• **WHAT TO DO**: Once you find the line with "Carl Davis of" in the data below, transcribe exactly each line from there to the line with "Газпром, сеть АГНКС", inclusive, and nothing else. Drop the pictures.
(DATA PROVIDED)
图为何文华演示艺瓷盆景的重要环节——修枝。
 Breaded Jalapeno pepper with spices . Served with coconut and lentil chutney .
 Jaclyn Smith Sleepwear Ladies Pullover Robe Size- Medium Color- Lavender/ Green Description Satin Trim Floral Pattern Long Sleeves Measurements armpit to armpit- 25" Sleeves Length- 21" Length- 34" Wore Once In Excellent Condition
(End DATA PROVIDED)
(DATA PROVIDED)
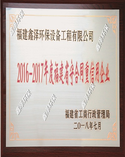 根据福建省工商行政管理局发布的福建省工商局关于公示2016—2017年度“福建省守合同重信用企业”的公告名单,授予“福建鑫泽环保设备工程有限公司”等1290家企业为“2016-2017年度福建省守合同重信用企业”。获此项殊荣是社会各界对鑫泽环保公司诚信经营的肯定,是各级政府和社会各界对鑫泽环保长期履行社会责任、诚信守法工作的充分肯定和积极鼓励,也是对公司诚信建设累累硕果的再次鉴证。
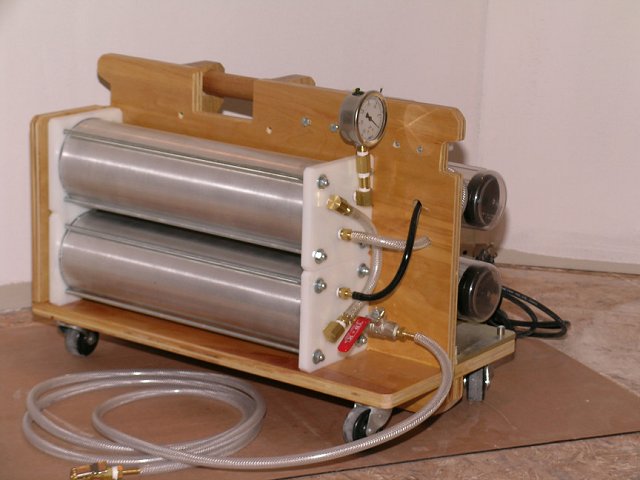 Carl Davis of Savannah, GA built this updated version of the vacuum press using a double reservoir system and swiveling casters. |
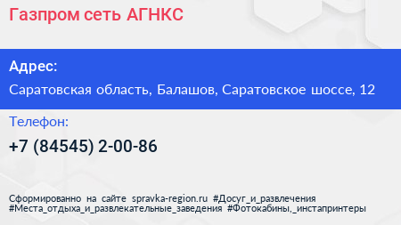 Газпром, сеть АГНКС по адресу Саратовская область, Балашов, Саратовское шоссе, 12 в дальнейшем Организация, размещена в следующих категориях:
(End DATA PROVIDED)
(DATA PROVIDED)
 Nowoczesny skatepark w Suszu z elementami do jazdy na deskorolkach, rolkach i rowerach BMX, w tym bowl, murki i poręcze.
(End DATA PROVIDED)
• **OUTPUT FOR THIS TASK**:
 Carl Davis of Savannah, GA built this updated version of the vacuum press using a double reservoir system and swiveling casters. |
 Газпром, сеть АГНКС по адресу Саратовская область, Балашов, Саратовское шоссе, 12 в дальнейшем Организация, размещена в следующих категориях:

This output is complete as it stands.